Aerobic Capacity Testing With Sedentary Adults: Rates And Predictors Of Meeting Criteria For Valid V02Max: 1508: Board #110 May 27 11:00 AM - 12:30 PM

Nilsson, Renea1; Kwan, Bethany1; Magnan, Renee2; Carpenter, Laura1; Bryan, Angela2

Medicine & Science in Sports & Exercise:
doi: 10.1249/01.MSS.0000354673.52521.09
A-27 Free Communication/Poster - Clinical Exercise Testing: MAY 27, 2009 7:30 AM - 12:30 PM ROOM: Hall 4F
Author Information

1University of Colorado at Boulder, Boulder, CO. 2University of New Mexico, Albuquerque, NM.


(No relationships reported)

Maximal aerobic capacity (VO2max) testing is used in exercise interventions to establish baseline rates of cardiovascular function and as an objective measure of intervention effects. However, participants in exercise interventions are likely sedentary, and unaccustomed to pushing themselves to their maximum capacity, potentially leading to inaccurate assessments of VO2max.

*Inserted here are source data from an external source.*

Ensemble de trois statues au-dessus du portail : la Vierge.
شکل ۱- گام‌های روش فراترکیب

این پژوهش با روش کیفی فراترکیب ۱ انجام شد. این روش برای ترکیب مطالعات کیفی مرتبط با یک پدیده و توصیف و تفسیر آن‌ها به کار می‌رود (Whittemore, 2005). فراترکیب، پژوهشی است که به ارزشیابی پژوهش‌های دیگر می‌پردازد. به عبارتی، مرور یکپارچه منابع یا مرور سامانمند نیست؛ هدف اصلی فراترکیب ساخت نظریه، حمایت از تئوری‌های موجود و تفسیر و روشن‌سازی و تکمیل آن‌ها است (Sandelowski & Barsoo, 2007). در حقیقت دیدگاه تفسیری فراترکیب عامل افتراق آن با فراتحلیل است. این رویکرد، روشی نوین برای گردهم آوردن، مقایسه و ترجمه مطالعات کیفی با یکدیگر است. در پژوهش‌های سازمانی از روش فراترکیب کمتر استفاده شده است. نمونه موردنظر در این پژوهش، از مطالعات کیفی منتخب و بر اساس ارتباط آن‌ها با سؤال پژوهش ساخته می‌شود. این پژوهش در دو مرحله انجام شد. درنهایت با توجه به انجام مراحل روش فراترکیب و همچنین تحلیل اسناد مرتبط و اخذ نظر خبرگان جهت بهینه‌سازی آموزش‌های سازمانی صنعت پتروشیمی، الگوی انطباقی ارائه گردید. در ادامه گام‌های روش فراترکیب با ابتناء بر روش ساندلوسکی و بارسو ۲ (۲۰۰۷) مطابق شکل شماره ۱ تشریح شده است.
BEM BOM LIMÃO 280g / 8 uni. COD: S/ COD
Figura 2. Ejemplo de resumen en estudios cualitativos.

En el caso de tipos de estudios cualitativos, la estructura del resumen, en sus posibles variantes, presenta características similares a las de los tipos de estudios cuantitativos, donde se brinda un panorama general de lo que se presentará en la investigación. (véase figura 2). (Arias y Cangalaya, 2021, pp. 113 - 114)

PURPOSE: To determine rates and predictors of meeting a valid VO2max in sedentary individuals.

METHODS: 285 sedentary men and women participating in the Colorado STRIDE exercise intervention RCT completed a VO2max test. We tested three of the four criteria for a valid VO2max test: 1. Respiratory exchange ratio (RER) ≥ 1.1; 2. Achievement of age predicted maximum heart rate (HR); 3. Rating of perceived exertion (RPE) ≥ 18. BMI, age, self-reported exercise frequency over the previous three months (EF3), and total minutes of at least moderate physical activity over the past week (MINWK) were examined as predictors of a valid VO2max.

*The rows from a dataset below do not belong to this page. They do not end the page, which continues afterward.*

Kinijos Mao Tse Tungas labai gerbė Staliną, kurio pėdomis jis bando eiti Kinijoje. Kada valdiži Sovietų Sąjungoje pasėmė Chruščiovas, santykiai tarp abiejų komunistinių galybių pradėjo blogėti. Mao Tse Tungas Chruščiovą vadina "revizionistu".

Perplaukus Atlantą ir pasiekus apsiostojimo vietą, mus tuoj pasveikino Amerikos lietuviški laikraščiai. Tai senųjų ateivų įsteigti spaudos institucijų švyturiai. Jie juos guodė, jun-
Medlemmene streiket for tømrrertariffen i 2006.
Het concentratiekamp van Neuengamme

RESULTS: Preliminary results indicated that 50.2% of participants achieved all three criteria and 13.0% achieved one or none of the criteria tested. Age (OR = -1.06, p < 0.01), EF3 (OR = -1.02, p < 0.01), and MINWK (OR = -1.00, p = 0.03) significantly predicted whether or not participants reached an RER ≥ 1.1. BMI (OR = 0.91, p = 0.03) predicted whether or not a participant reached an RPE ≥18. There were no significant predictors of whether or not a participant came within 10bpm of age-predicted maximum HR. BMI (Adj. OR = -0.92, p = 0.05), EF3 (Adj. OR = -0.34, p < 0.01) and age (Adj. OR = 1.05, p = 0.07) predicted whether or not a participant met all three criteria.

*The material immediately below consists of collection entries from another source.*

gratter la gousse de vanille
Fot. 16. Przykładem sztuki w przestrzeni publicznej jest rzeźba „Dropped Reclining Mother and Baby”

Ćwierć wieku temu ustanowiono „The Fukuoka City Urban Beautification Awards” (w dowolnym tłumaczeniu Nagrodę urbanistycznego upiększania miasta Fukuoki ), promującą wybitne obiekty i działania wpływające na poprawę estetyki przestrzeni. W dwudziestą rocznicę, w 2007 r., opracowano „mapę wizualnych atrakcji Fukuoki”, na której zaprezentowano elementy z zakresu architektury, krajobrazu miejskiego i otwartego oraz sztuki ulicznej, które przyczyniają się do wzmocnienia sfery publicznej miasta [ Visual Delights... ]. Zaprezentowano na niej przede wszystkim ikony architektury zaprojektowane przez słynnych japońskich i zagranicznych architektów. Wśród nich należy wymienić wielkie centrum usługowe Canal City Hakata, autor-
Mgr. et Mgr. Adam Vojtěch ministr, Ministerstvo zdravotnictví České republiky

CONCLUSIONS: Most participants provided a valid VO2max test. Older, less active individuals were more likely to achieve the RER threshold and to meet all three criteria. Individuals with higher BMI were more likely to achieve the RPE threshold but less likely to meet all three criteria. VO2max testing may be particularly difficult for individuals with higher BMI, even for those that are more active. RPE may not be a good criterion for achieving a valid VO2max in these individuals because subjectively they are experiencing greater exertion while, based on more objective physiological measures, they are not working as hard as those who have a lower BMI.